Bio KB and Legal KB are static. Bio is a few hundred words. Legal is the privacy policy and terms. Chunk size 500 tokens, overlap 50, because the content is dense and self-contained: each paragraph stands alone. Larger chunks here would dilute the embedding with unrelated clauses and hurt retrieval precision.

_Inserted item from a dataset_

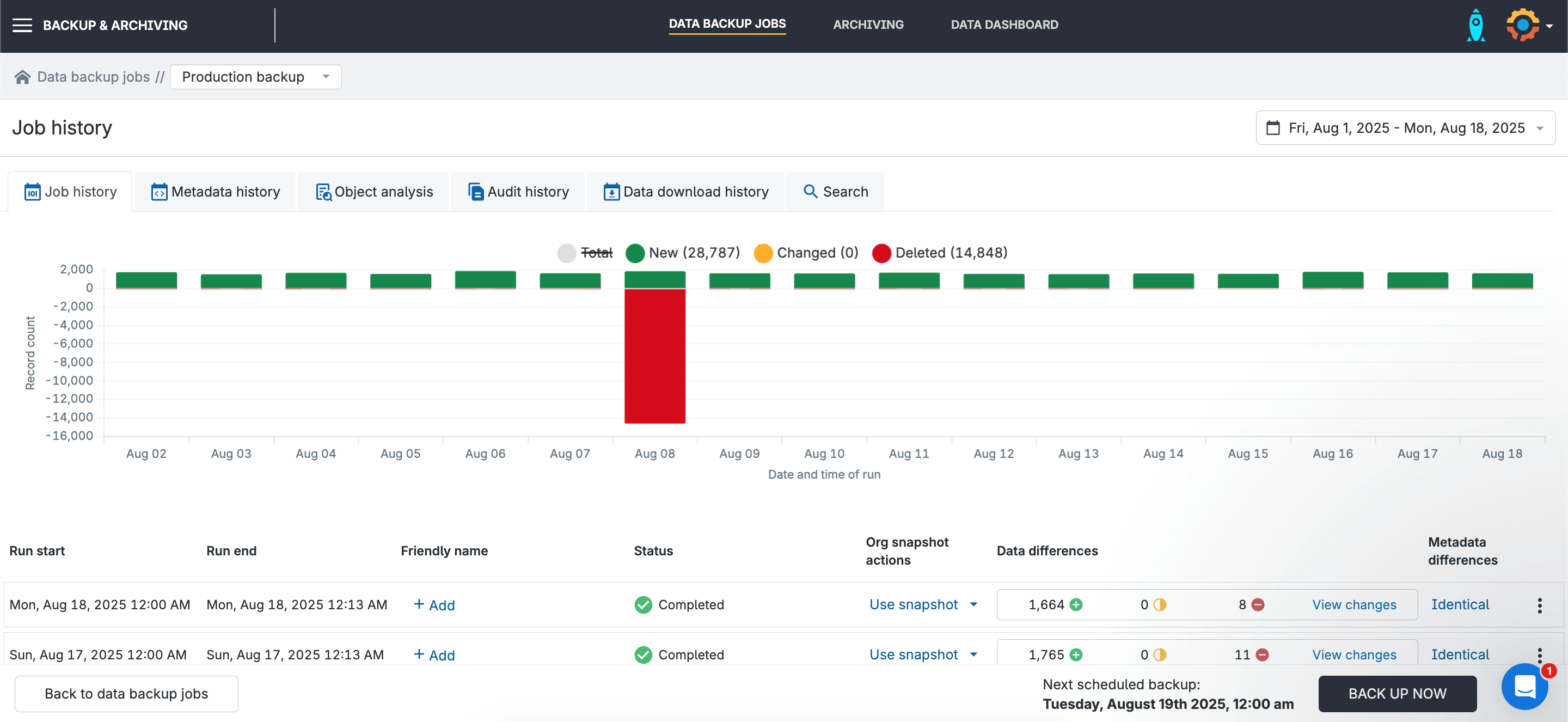 Manual backup processes are hard to keep up with, don’t scale, and leave too much room for error. Automating your backups and archive runs ensures consistent coverage, reduces overhead, and limits the impact of manual errors — without depending on someone to remember.

Embedding model is text-embedding-3-small across all three. For my corpus of technical English with code snippets and product names, it performed well enough on exact-term recall, which matters when someone asks about “k3s” or “MinIO” by name. The cost difference versus 3-large ($0.020 vs $0.130 per 1M tokens) did not justify the marginal gain at this corpus size.

Indexing pipeline treats MinIO as the source. A lightweight sync job watches the bucket via S3 event notifications, and on a new or updated object it calls the document API to re-ingest that single file. Bio and Legal are updated manually through the UI since they change maybe twice a year. No full re-index: the Articles KB would take too long and the embedding costs add up.

With the knowledge bases shaped like this, the routing logic gets simpler than you would expect.

Integrating the Chatbot with a Quarkus Backend and Kong Gateway

The chatbot does not live in isolation. The Vue 3 / Quasar frontend never talks to the chatbot API directly. Every request goes through Kong, which handles rate limiting, OIDC token validation, and routes /api/chat/* to the Quarkus backend. Quarkus then forwards to the chatbot API with a server-side key. The browser never sees that key.

Before forwarding, a budget service checks the monthly spend cap in Postgres:

Java

@POST
@Path("/message")
@Authenticated
public Response sendMessage(ChatRequest req, @Context SecurityContext ctx) {
    var tenantId = ctx.getUserPrincipal().getName();
    if (!budgetService.hasRemainingBudget(tenantId)) {
        return Response.status(402)
            .entity(Map.of("error", "monthly_ai_budget_exceeded"))
            .build();
    }
    var reply = chatClient.chat(req.query(), req.conversationId(), tenantId);
    budgetService.recordUsage(tenantId, reply.tokenCost());
    return Response.ok(reply).build();
}

Returning 402 Payment Required instead of 429 is deliberate. The frontend distinguishes “slow down” from “you hit your plan cap” and shows different UI. For more on why this matters, see the real cost of AI.

For SaaS sub-projects that need AI inside longer automations, n8n calls the same workflow through a dedicated webhook endpoint on Quarkus, not directly. That keeps budget enforcement in one place.

Redis sits behind Quarkus for two distinct jobs:

Cached blog article metadata, author info, tag lists, feature flags. TTL of one hour. These are read on every article page render.
Not cached chatbot responses. Queries vary too much, and stale answers to “what does the latest article say about X” are worse than a fresh LLM call.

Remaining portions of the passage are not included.